# Dirt jumps on Long Island?



## Brenan2003 (Nov 13, 2017)

Me and a friend have had dirt jumps on Long Island for a while now, but there small. We are keeping up with it and always adding more to it, but we are looking for others. I have been to the one near miller place, but that’s it. We found other one but they have been abandoned for years. When I get a chance I will post some pictures of our dirt jumps but I want to see your dirt jumps and other ones you know of.
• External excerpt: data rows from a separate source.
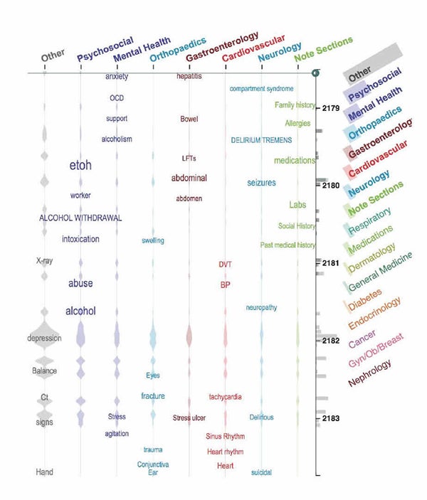 Their datasets include more than 300 pages of medical chart notes for each patient. Conditions mentioned throughout a medical chart are visualized as steamgraphs, string-like graphs with droplets that expand upon recurrence of terms. For example, a larger droplet around hypertension would mean it’s an issue for the patient. Each condition is labelled with a different colour.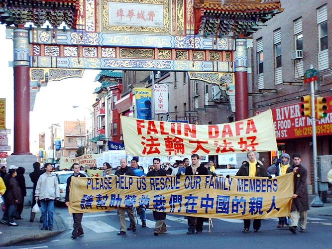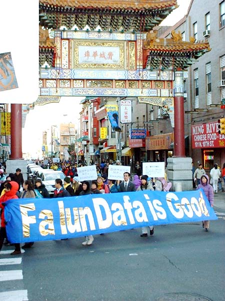 大法弟子的步行队伍平和,秩序井然,如此多人数的游行只有两个警察维持交通实属罕见。来自世界各地的大法弟子象一个坚不可摧的整体,展现了大法弟子的风貌。有些善良的中国人向步行队伍鼓掌,向学员了解真相。天气虽冷却是晴空万里,“法轮大法好”、“真善忍”、“向中国同胞问好”、“停止迫害法轮功学员”等横幅飘扬在空中。学员还为配合这次活动,在中国城及费城重要景点“自由钟”,这两个大陆旅游团必经之地设置了多面悬挂在道路两旁的“法轮大法”街边横幅,并在中国城放置展板,播放真相电视等,让人们进一步深入了解真相。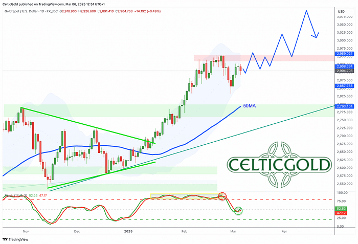 Gold in US-Dollar, daily chart as of March 6th, 2025. Source: Tradingview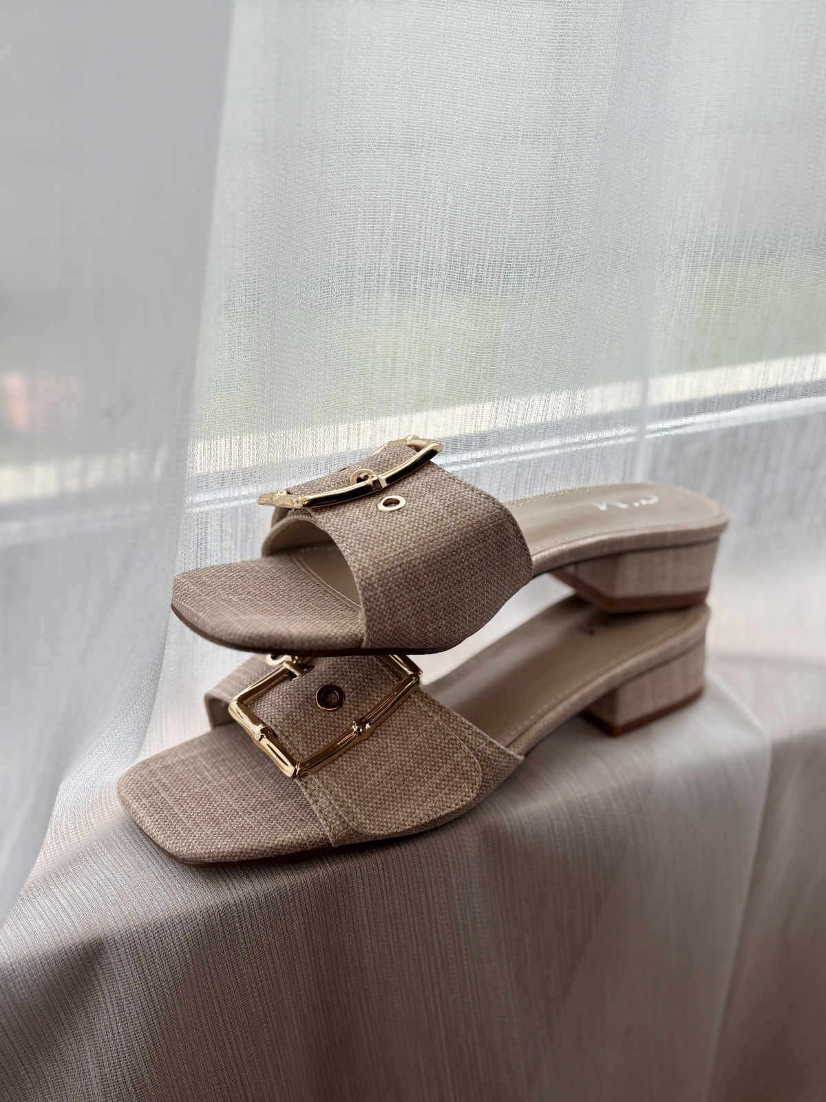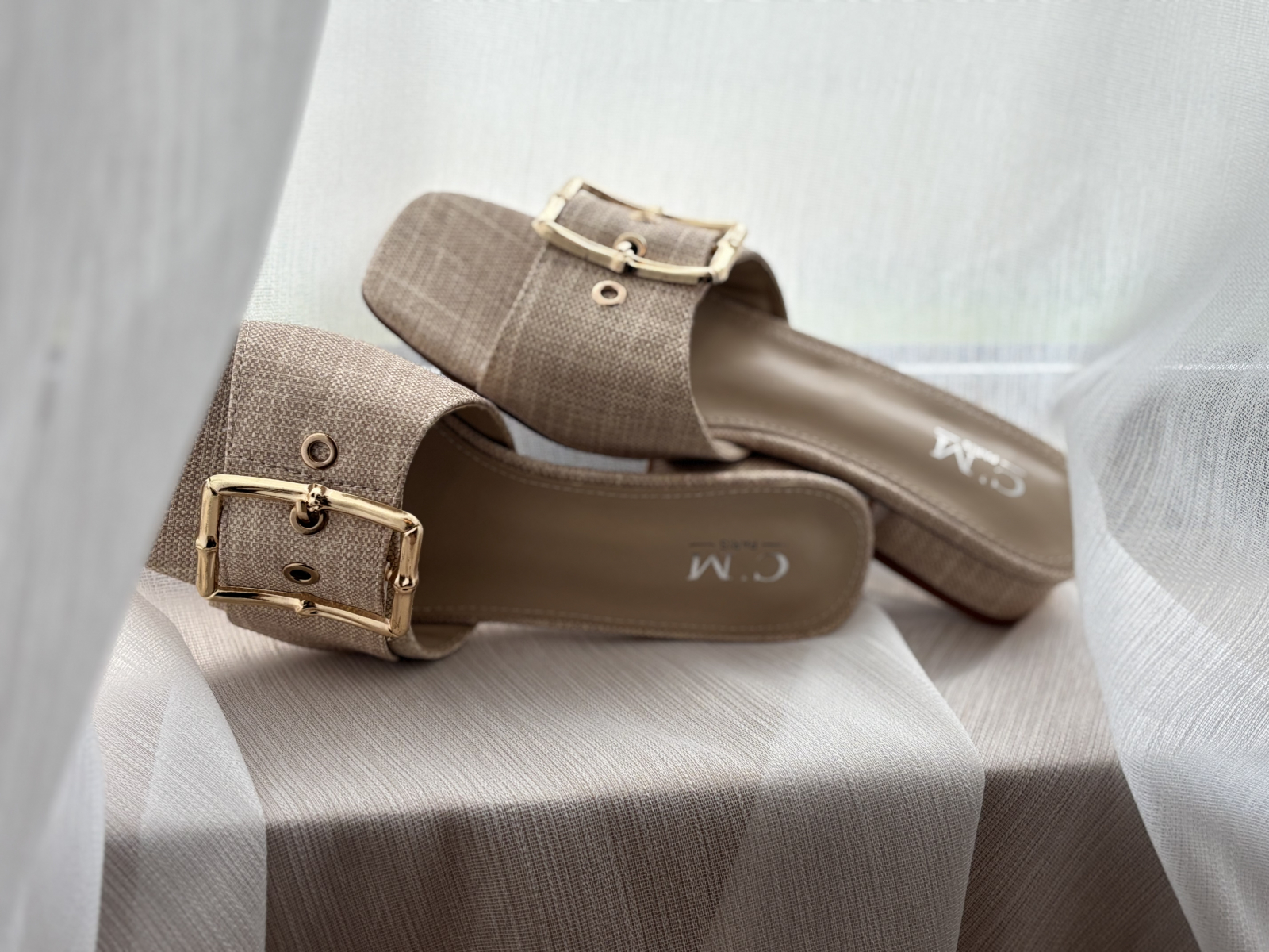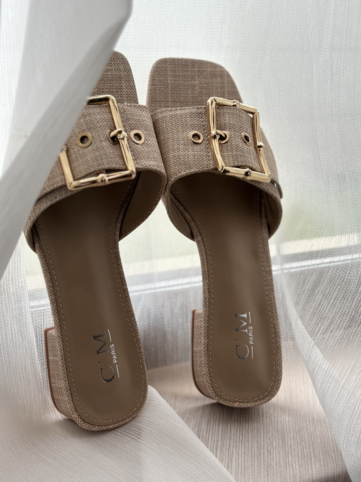 Papuci damă bej cu cataramă aurie și toc mic – simplitate cu stil

If you want to stay private of keep the spot private just pm me, so let’s see them.


----------



## racefit (Aug 26, 2010)

Where is the Miller Place one?

I’ve looked for it but couldn’t find it. 


Sent from my iPad using Tapatalk


----------



## Brenan2003 (Nov 13, 2017)

I will pm you for the direction to it.


----------



## Brenan2003 (Nov 13, 2017)

racelift


----------



## .WestCoastHucker. (Jan 14, 2004)

not that i care about that spot because i don't dig there, but directions to a jump spot is the beginning of it's end. as someone who has lost multiple places along the way because of people giving directions online, please reserve directions to jump spots to PM's...


----------



## Brenan2003 (Nov 13, 2017)

WestCoastHucker now that I think about it yea that is pretty dumb of me I removed it and will pm him the directions.


----------